Your task:
Exactly the lines from the one containing "Twee mannen begonnen" through the one containing "공업배치 및 공장설립에" in the listing below are to be copied, with the pictures left out.
[[ Source material, beginning ]]
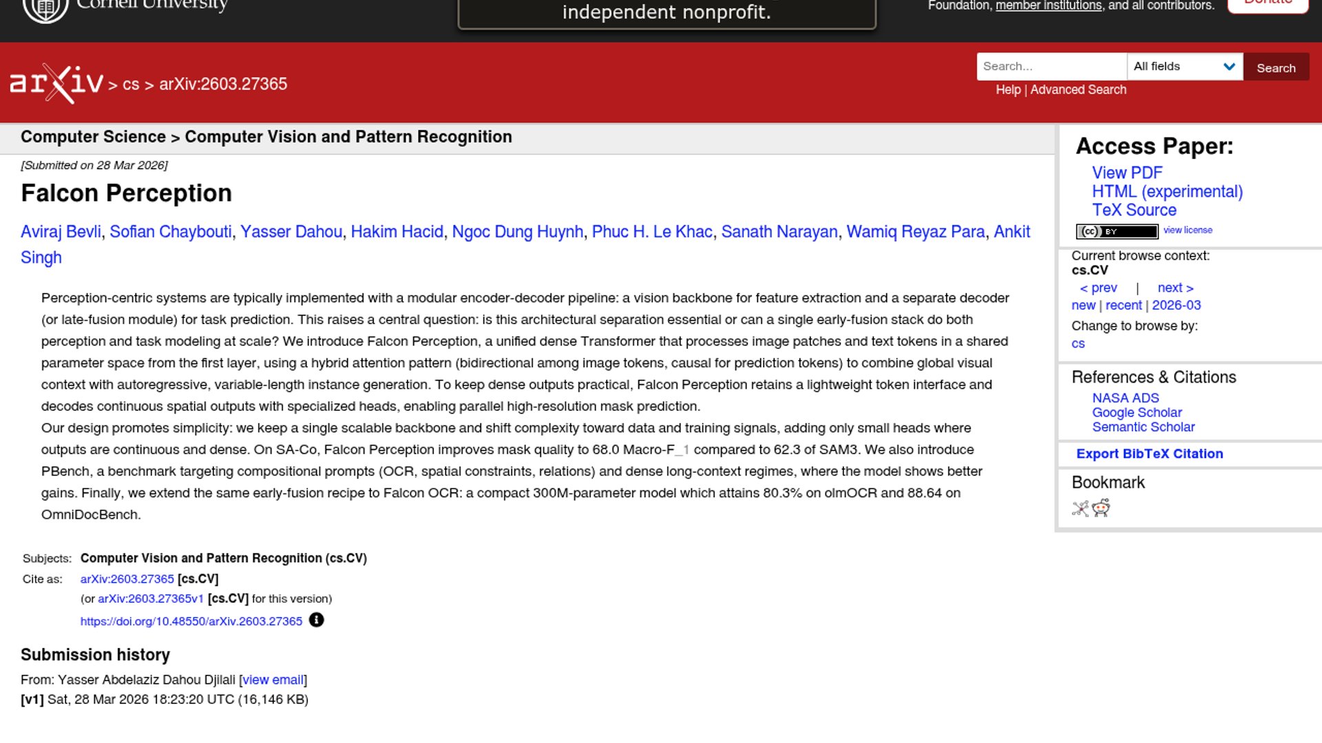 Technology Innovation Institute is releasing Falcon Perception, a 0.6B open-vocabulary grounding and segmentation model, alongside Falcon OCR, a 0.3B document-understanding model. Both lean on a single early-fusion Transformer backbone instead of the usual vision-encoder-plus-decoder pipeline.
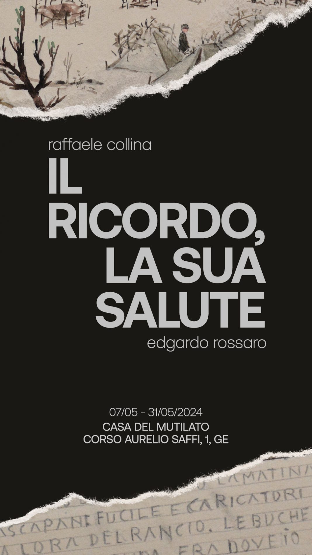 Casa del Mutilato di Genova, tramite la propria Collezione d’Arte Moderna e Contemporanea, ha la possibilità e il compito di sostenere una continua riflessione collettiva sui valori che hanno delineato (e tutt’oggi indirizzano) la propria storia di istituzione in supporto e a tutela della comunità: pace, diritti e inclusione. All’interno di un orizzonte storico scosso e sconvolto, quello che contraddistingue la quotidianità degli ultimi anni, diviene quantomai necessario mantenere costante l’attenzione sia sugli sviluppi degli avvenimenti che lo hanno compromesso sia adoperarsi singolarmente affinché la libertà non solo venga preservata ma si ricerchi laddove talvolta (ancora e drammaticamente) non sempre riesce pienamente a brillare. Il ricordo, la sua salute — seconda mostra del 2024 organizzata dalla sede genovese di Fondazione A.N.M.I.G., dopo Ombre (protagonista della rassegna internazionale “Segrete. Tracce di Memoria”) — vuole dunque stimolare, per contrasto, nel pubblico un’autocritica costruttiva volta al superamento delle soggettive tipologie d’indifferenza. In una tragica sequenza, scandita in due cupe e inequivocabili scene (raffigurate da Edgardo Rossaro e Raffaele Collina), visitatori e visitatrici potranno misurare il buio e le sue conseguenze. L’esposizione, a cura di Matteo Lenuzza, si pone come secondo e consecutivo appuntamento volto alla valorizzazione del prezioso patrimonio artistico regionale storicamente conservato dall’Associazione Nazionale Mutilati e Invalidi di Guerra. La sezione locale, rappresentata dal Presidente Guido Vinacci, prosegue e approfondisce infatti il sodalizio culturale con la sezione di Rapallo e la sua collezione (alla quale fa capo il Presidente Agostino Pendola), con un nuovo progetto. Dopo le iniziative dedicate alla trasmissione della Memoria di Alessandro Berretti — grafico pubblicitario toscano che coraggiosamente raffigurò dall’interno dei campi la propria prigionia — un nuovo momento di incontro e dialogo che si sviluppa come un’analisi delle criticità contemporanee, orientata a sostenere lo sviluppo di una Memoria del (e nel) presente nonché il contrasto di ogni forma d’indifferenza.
[[ Source material, end ]]
[[ Source material, beginning ]]
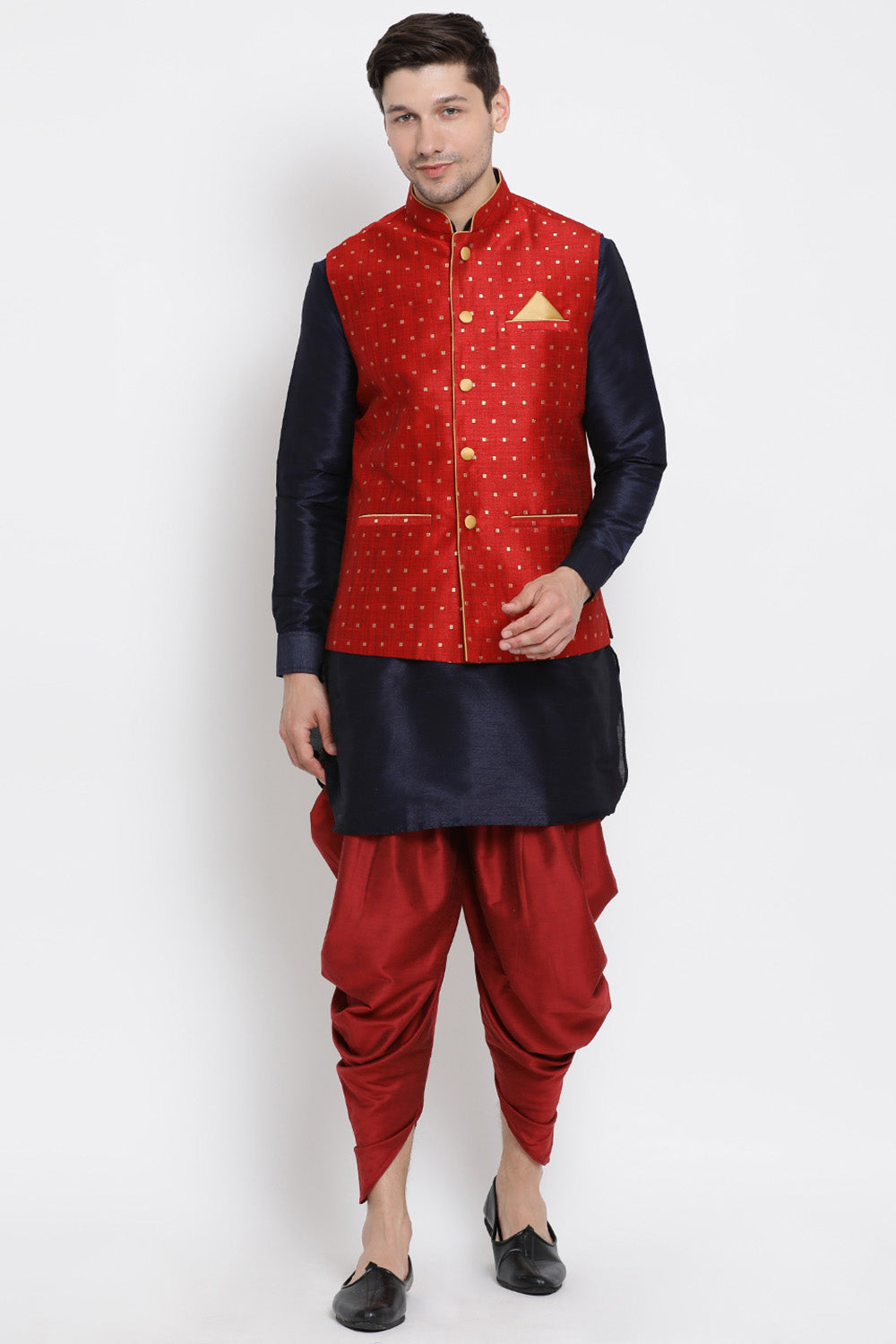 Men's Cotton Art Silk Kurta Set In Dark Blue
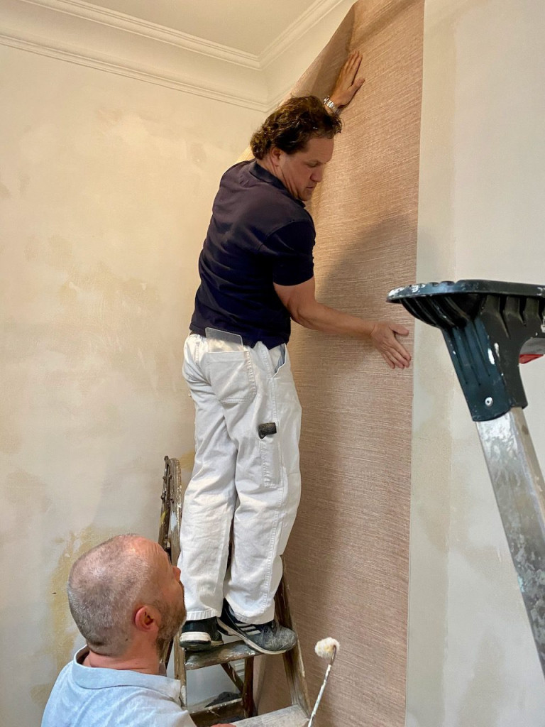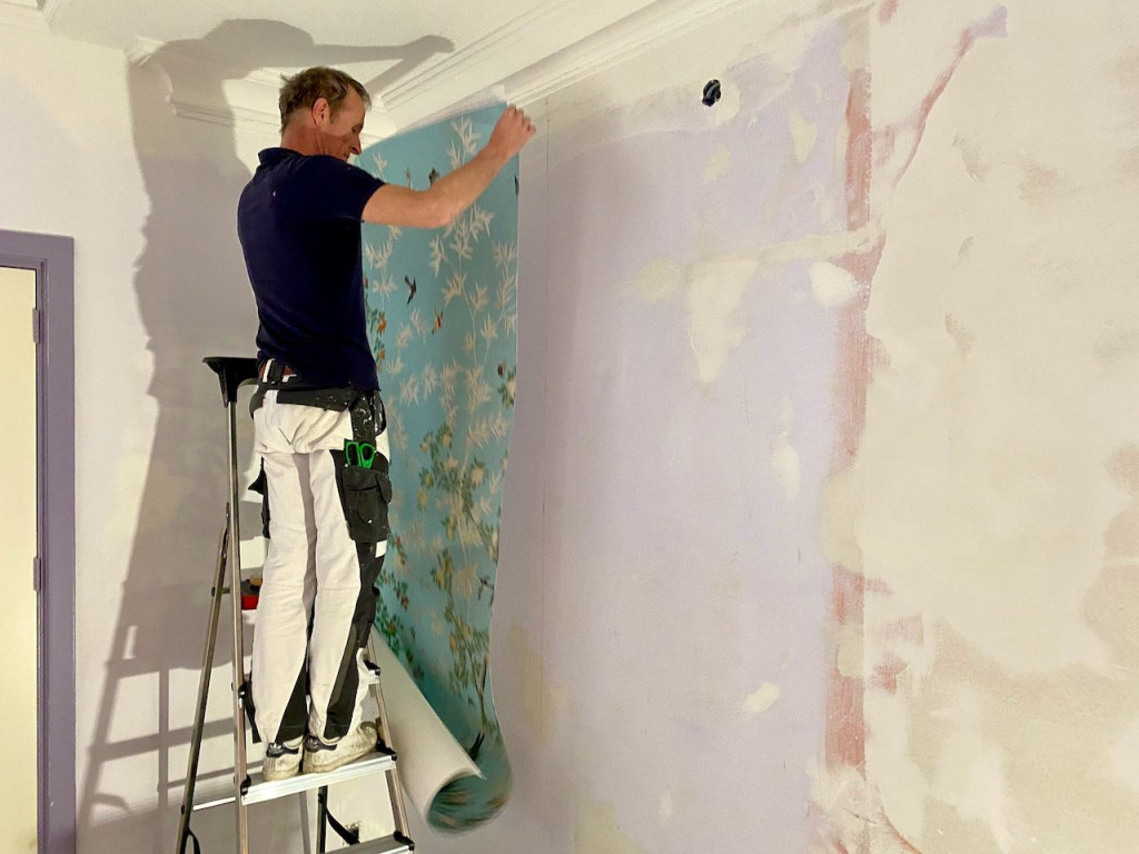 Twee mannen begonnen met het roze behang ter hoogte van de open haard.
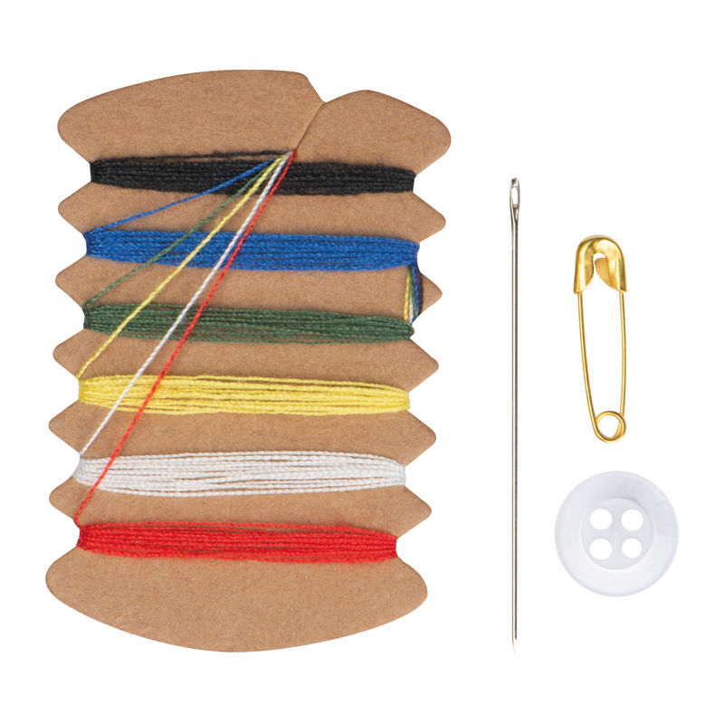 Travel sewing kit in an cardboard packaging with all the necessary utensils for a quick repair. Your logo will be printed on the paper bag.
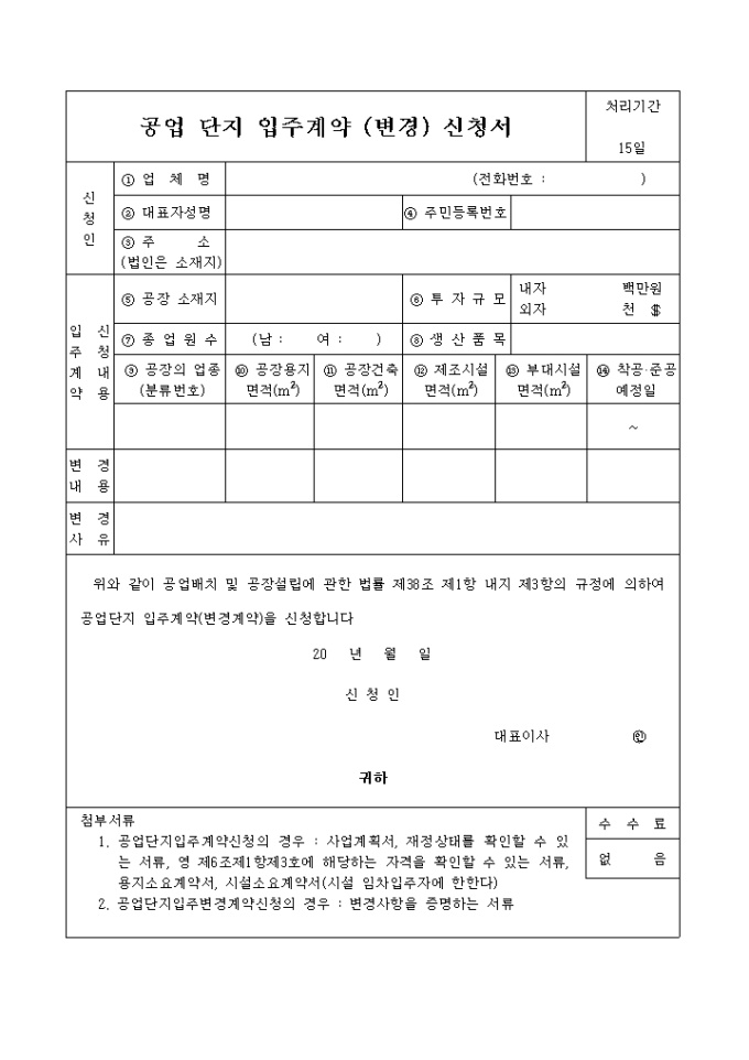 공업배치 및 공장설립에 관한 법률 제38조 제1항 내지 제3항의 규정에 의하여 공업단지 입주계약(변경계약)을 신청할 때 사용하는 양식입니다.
[[ Source material, end ]]
[[ Source material, beginning ]]
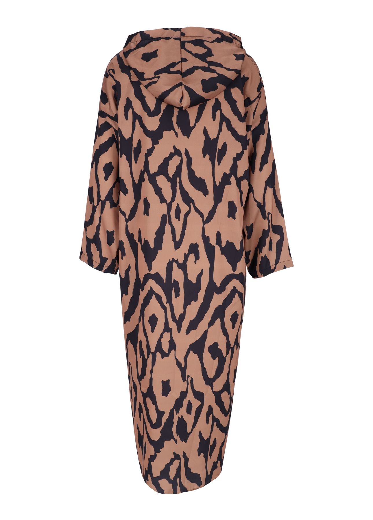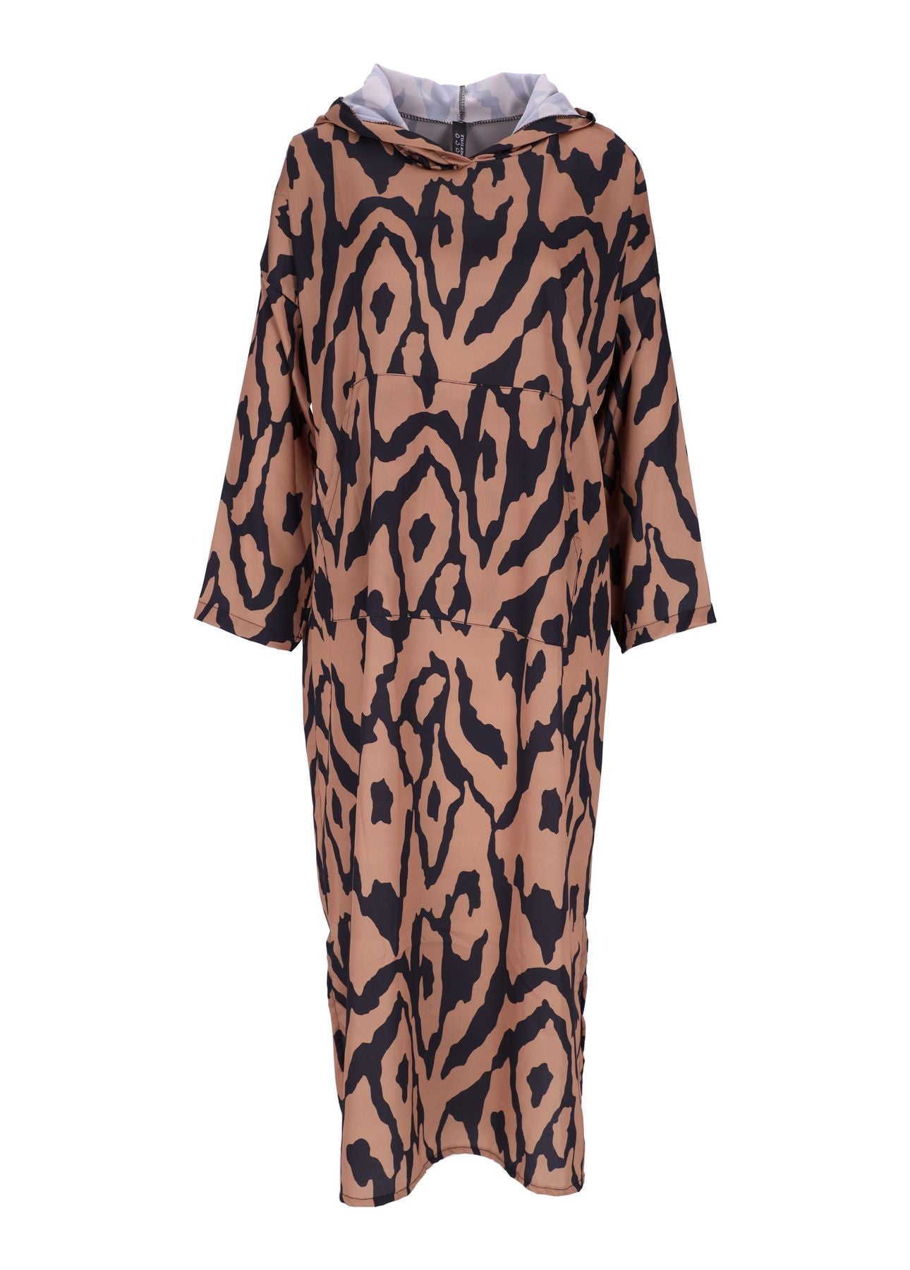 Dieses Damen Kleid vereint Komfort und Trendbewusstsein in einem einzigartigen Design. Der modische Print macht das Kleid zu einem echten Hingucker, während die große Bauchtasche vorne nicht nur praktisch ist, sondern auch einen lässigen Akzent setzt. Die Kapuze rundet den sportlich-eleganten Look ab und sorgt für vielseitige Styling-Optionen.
[[ Source material, end ]]
Exercise response:
 Twee mannen begonnen met het roze behang ter hoogte van de open haard.
 Travel sewing kit in an cardboard packaging with all the necessary utensils for a quick repair. Your logo will be printed on the paper bag.
 공업배치 및 공장설립에 관한 법률 제38조 제1항 내지 제3항의 규정에 의하여 공업단지 입주계약(변경계약)을 신청할 때 사용하는 양식입니다.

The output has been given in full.